*** Opening SOURCE MATERIAL ***
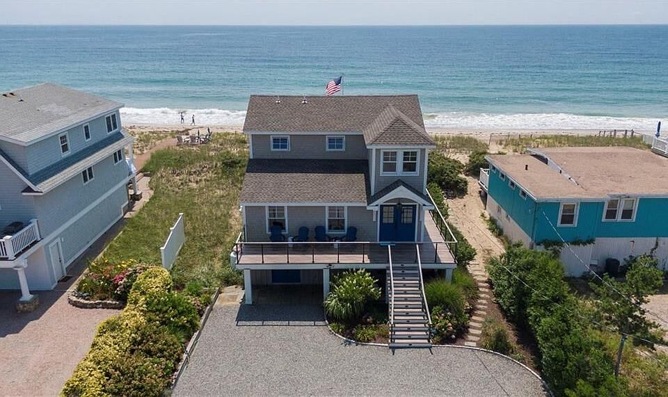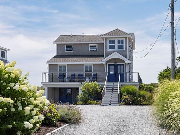 A rare opportunity to own a beautiful oceanfront home on Atlantic Avenue in Misquamicut. This coastal home has been thoughtfully renovated with comforts and modern amenities for your family and friends to enjoy. As you enter through the front door you are taken in by the ocean views as you look through the large expansive windows. The open first floor with Living room and eat-in Kitchen with quartz and marble counters is convenient for entertaining with two sliders that leads to outdoor dining. A bedroom/den and full bath is also located on this level. The large wrap around first floor deck is wonderful for gathering, to take in unparalleled views of the Atlantic Ocean, Block Island, Montauk and of course those amazing sunsets. The second floor includes a full bath and two bedrooms with gorgeous ocean views. Each bedroom has to access to the second floor deck. The lower level features a game room, full bath and laundry. Just steps to the beach for enjoying swimming, beach walks or simply lounging in the sun. This homes conveys with furnishings. Everything is here for you, move right in on day of closing and start enjoying the perfect beach get-away you have been dreaming of.
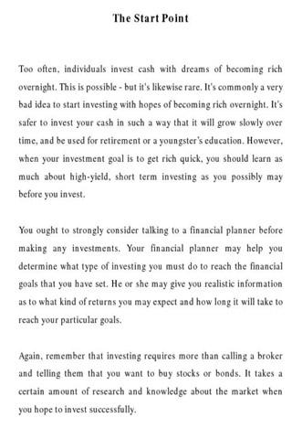 -You will also be exposed to plenty of highly effective methods for getting money fast through short and long term investments.
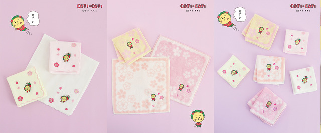 桜シリーズより、 「ガーゼハンカチ(桜の花びらとコジコジ刺繍)」「タオルハンカチ(満開桜とコジコジ)」は、満開の桜の花の中で元気いっぱいに春の訪れを喜んでいるコジコジがアクセントになっている。
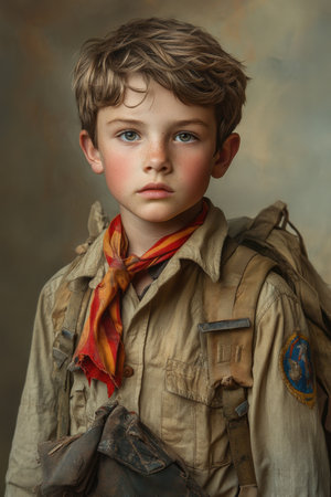 A young explorer stands confidently, gazing upwards with a look of determination. He wears a tan shirt and an orange scarf, with equipment suggesting an adventure. The background is textured, complementing his pose.
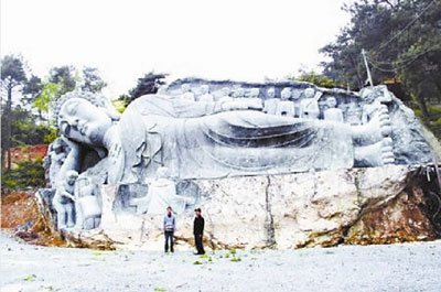 近日,一尊長33米、高11.5米的青石臥佛在長樂市潭頭鎮邊蘭村錦鋰巖建成。這尊巨型臥佛就地取材,由一塊天然整體青石巖現場雕刻而成,在大臥佛旁邊,還有12尊高2.8米的小佛像。這尊臥佛2007年初開始雕刻,歷經3年,由惠安崇武著名雕刻大師和雕刻高手設計,20多人雕刻而成。
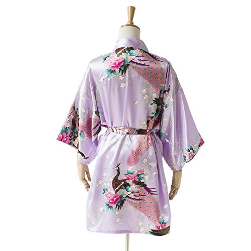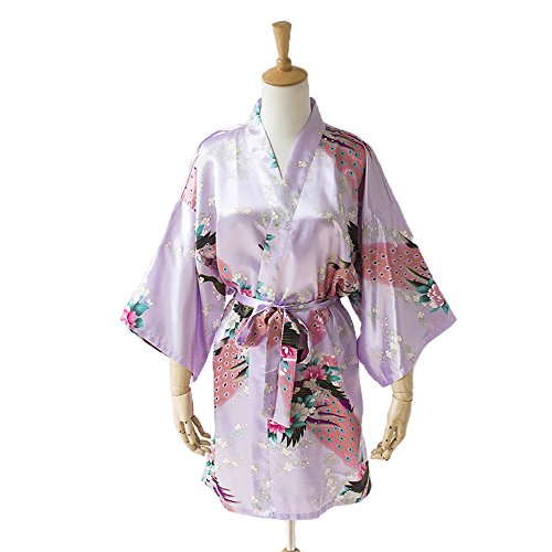Robe&Wedding SLEEPWEAR レディース Long Styleファッション Women's Sexy Robes Yukata Satin ナイトウエア Nightwear (light purple)
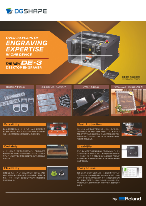最新の技術を搭載し、高精度と使いやすさを実現したDE-3。銘板をはじめとする本格的な工業用途、彫刻特有の高級感を付加するギフト・アクセサリー用途や立体サインなどのディスプレイまであらゆる場面でお客様のビジネスをサポートします。
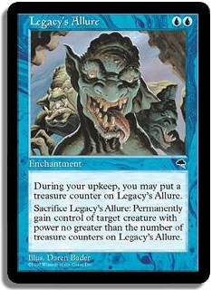 During your upkeep, you may put a treasure counter on Legacy's Allure. <Sacrifice Legacy's Allure>: Permanently gain control of target creature with power no greater than the number of treasure counters on Legacy's Allure.
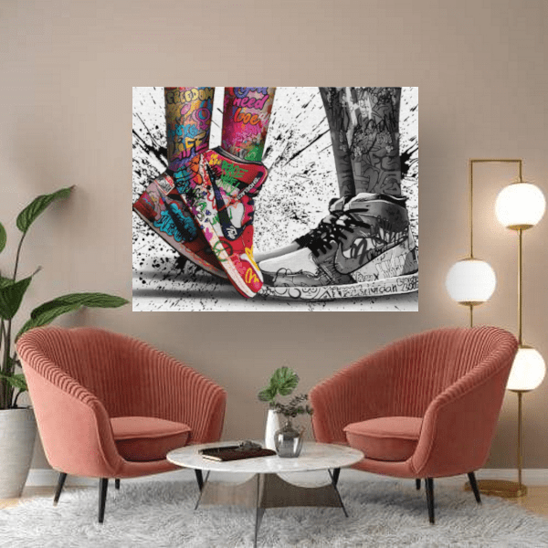 Pop Art und Schuhe miteinander kombiniert? Genau das kann dieses Wandbild bieten. Ein ausdrucksstarkes Bild in schwarz-weißer und bunter Farbe, welches Chucks-Liebhaber lieben werden. Ob in einem begehbaren Kleiderschrank, um Flur oder im Wohnzimmer – dieses Wandbild bringt einen besonderen Charakter mit in die eigenen vier Wänden und sorgt für einen echten Eyecatcher.
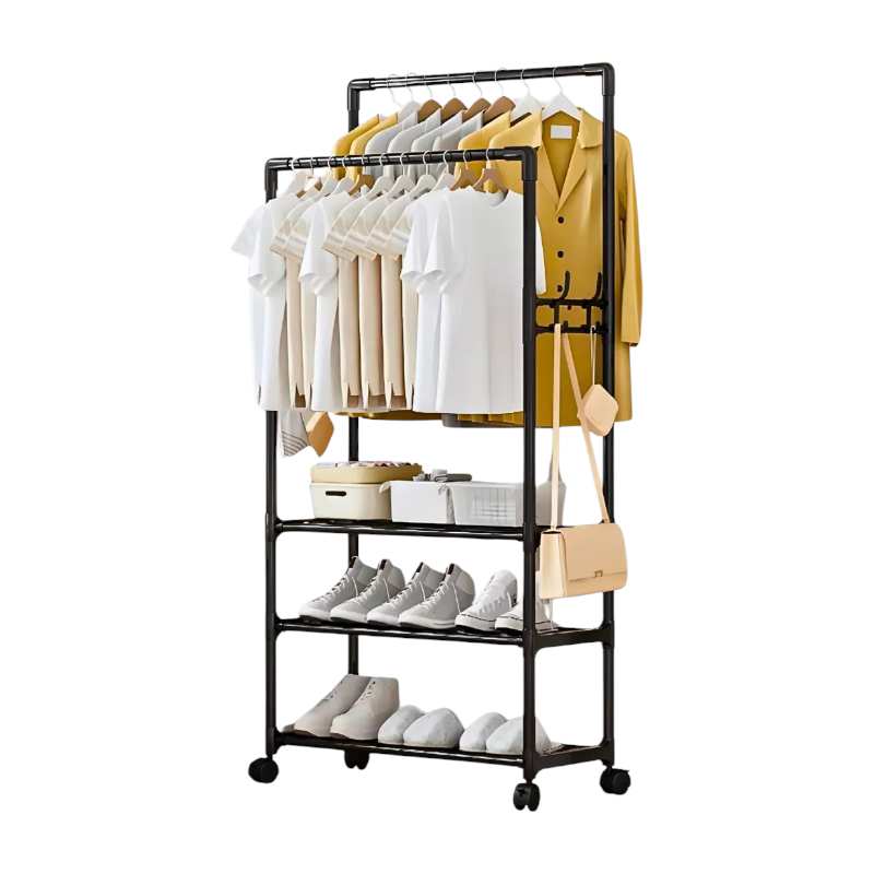Τροχήλατη κρεμάστρα δαπέδου μεταλλική, με 3 ράφια και πλαϊνές κρεμάστρες, ιδανική ως έπιπλο εισόδου ή για την οργάνωση των ρούχων στο δωμάτιό σας.
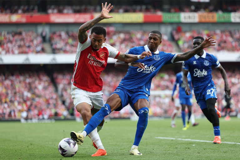 ที่สนาม เอมิเรตส์ สเตเดี้ยม ประเทศอังกฤษ ในการแข่งขันฟุตบอลพรีเมียร์ลีก ฤดูกาล 2023-2024 คืนวันที่ 19 พ.ค.67 ระหว่างทีม "อาร์เซน่อล" พบกับทีม "เอฟเวอร์ตัน" เริ่มเกมการแข่งขัน นาทีที่ 40 เอฟเวอร์ตัน นำ 1-0 จากฟรีคิกของเกย์ ปั่นไปแฉลบกำแพงเปลี่ยนทางเข้าประตูไป
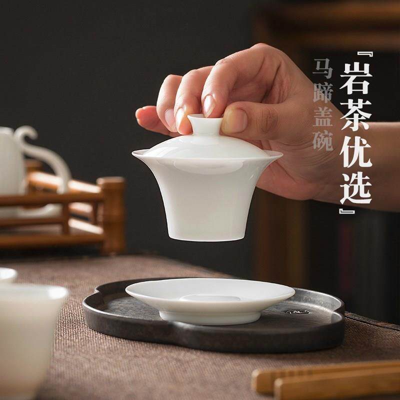 📚 景德镇马蹄盖碗 薄胎70cc小盖碗单个三才盖碗茶杯白瓷陶瓷茶碗
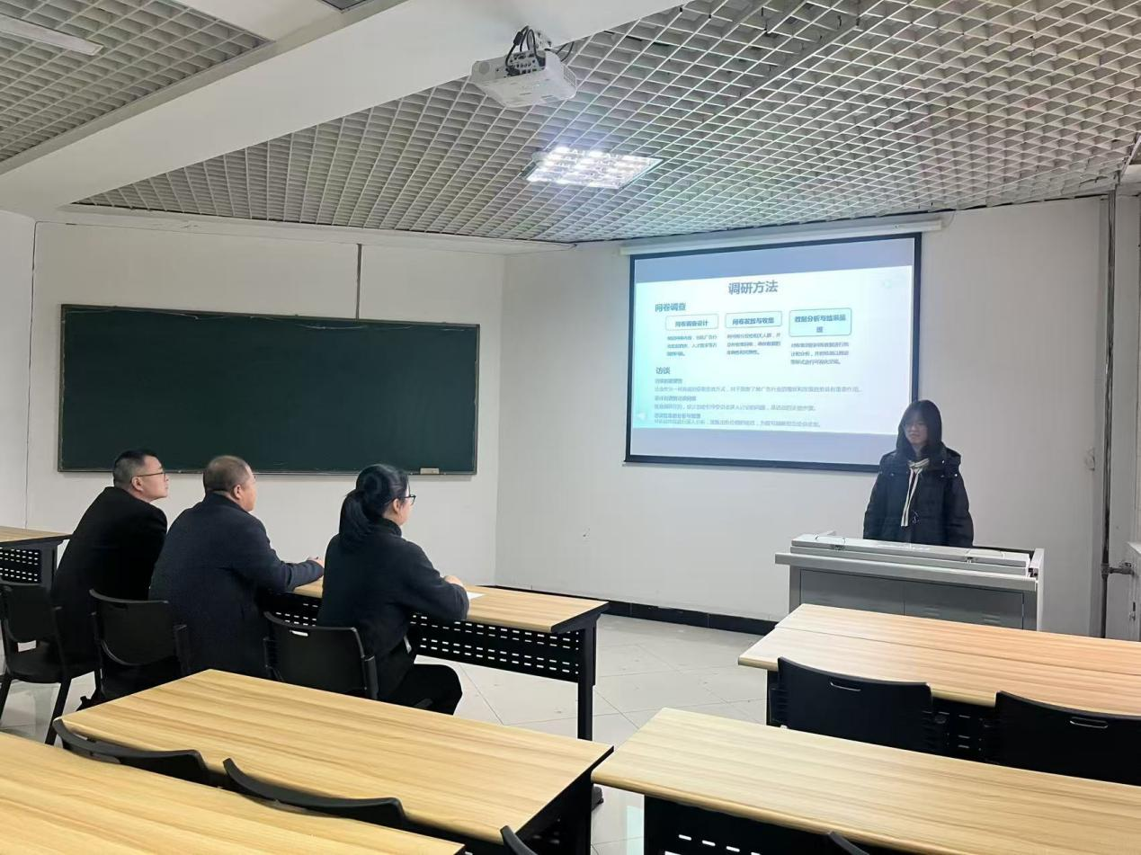 大赛伊始,参赛者首先介绍了自己对职业规划中“调研方法”这一内容的思考,他们采用PPT的方式对问卷调查、实地深度访谈、数据分析与总结等环节进行了阐述。三位评委认真聆听,整个会场尽显学术交流的认真与严谨。
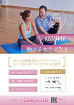 「健康体操」教室では、いつまでも健康で元気にすごせるカラダ作りを行います。
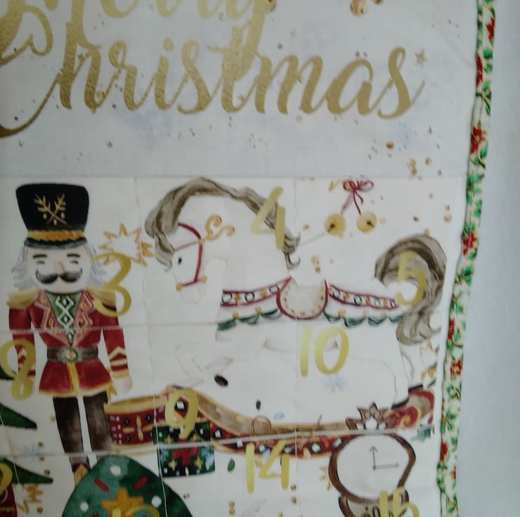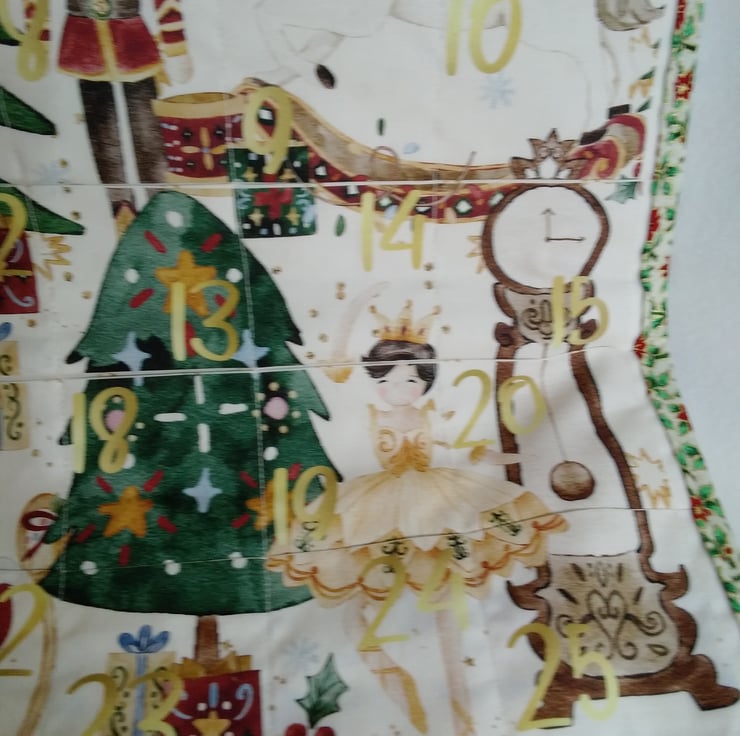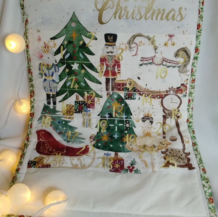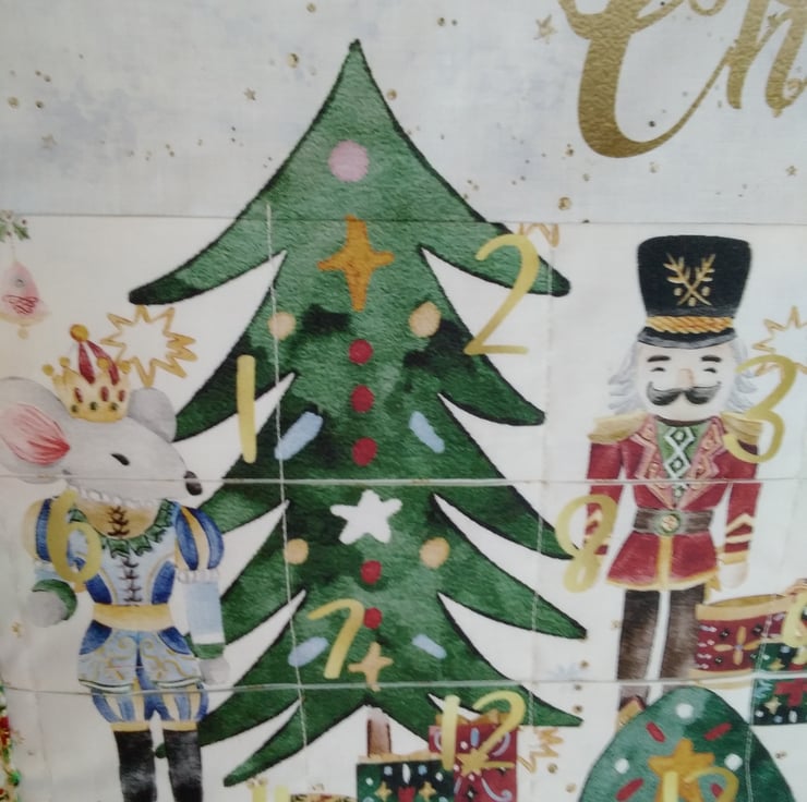 Stunning cotton fabric advent calendar with NUTCRACKER THEME shown in beautiful illustrations, using warm colour pallette and gold highlights. There is a pocket SEWN into place for each day leading up to Christmas ready for you to pop a treat /sweet inside.
*** Closing SOURCE MATERIAL ***
• WHAT THE TASK REQUIRES: Once the pictures are removed, reproduce the remaining entries above exactly.

• RESULT BELOW:
 A rare opportunity to own a beautiful oceanfront home on Atlantic Avenue in Misquamicut. This coastal home has been thoughtfully renovated with comforts and modern amenities for your family and friends to enjoy. As you enter through the front door you are taken in by the ocean views as you look through the large expansive windows. The open first floor with Living room and eat-in Kitchen with quartz and marble counters is convenient for entertaining with two sliders that leads to outdoor dining. A bedroom/den and full bath is also located on this level. The large wrap around first floor deck is wonderful for gathering, to take in unparalleled views of the Atlantic Ocean, Block Island, Montauk and of course those amazing sunsets. The second floor includes a full bath and two bedrooms with gorgeous ocean views. Each bedroom has to access to the second floor deck. The lower level features a game room, full bath and laundry. Just steps to the beach for enjoying swimming, beach walks or simply lounging in the sun. This homes conveys with furnishings. Everything is here for you, move right in on day of closing and start enjoying the perfect beach get-away you have been dreaming of.
 -You will also be exposed to plenty of highly effective methods for getting money fast through short and long term investments.
 桜シリーズより、 「ガーゼハンカチ(桜の花びらとコジコジ刺繍)」「タオルハンカチ(満開桜とコジコジ)」は、満開の桜の花の中で元気いっぱいに春の訪れを喜んでいるコジコジがアクセントになっている。
 A young explorer stands confidently, gazing upwards with a look of determination. He wears a tan shirt and an orange scarf, with equipment suggesting an adventure. The background is textured, complementing his pose.
 近日,一尊長33米、高11.5米的青石臥佛在長樂市潭頭鎮邊蘭村錦鋰巖建成。這尊巨型臥佛就地取材,由一塊天然整體青石巖現場雕刻而成,在大臥佛旁邊,還有12尊高2.8米的小佛像。這尊臥佛2007年初開始雕刻,歷經3年,由惠安崇武著名雕刻大師和雕刻高手設計,20多人雕刻而成。
Robe&Wedding SLEEPWEAR レディース Long Styleファッション Women's Sexy Robes Yukata Satin ナイトウエア Nightwear (light purple)
最新の技術を搭載し、高精度と使いやすさを実現したDE-3。銘板をはじめとする本格的な工業用途、彫刻特有の高級感を付加するギフト・アクセサリー用途や立体サインなどのディスプレイまであらゆる場面でお客様のビジネスをサポートします。
 During your upkeep, you may put a treasure counter on Legacy's Allure. <Sacrifice Legacy's Allure>: Permanently gain control of target creature with power no greater than the number of treasure counters on Legacy's Allure.
 Pop Art und Schuhe miteinander kombiniert? Genau das kann dieses Wandbild bieten. Ein ausdrucksstarkes Bild in schwarz-weißer und bunter Farbe, welches Chucks-Liebhaber lieben werden. Ob in einem begehbaren Kleiderschrank, um Flur oder im Wohnzimmer – dieses Wandbild bringt einen besonderen Charakter mit in die eigenen vier Wänden und sorgt für einen echten Eyecatcher.
Τροχήλατη κρεμάστρα δαπέδου μεταλλική, με 3 ράφια και πλαϊνές κρεμάστρες, ιδανική ως έπιπλο εισόδου ή για την οργάνωση των ρούχων στο δωμάτιό σας.
 ที่สนาม เอมิเรตส์ สเตเดี้ยม ประเทศอังกฤษ ในการแข่งขันฟุตบอลพรีเมียร์ลีก ฤดูกาล 2023-2024 คืนวันที่ 19 พ.ค.67 ระหว่างทีม "อาร์เซน่อล" พบกับทีม "เอฟเวอร์ตัน" เริ่มเกมการแข่งขัน นาทีที่ 40 เอฟเวอร์ตัน นำ 1-0 จากฟรีคิกของเกย์ ปั่นไปแฉลบกำแพงเปลี่ยนทางเข้าประตูไป
 📚 景德镇马蹄盖碗 薄胎70cc小盖碗单个三才盖碗茶杯白瓷陶瓷茶碗
 大赛伊始,参赛者首先介绍了自己对职业规划中“调研方法”这一内容的思考,他们采用PPT的方式对问卷调查、实地深度访谈、数据分析与总结等环节进行了阐述。三位评委认真聆听,整个会场尽显学术交流的认真与严谨。
 「健康体操」教室では、いつまでも健康で元気にすごせるカラダ作りを行います。
 Stunning cotton fabric advent calendar with NUTCRACKER THEME shown in beautiful illustrations, using warm colour pallette and gold highlights. There is a pocket SEWN into place for each day leading up to Christmas ready for you to pop a treat /sweet inside.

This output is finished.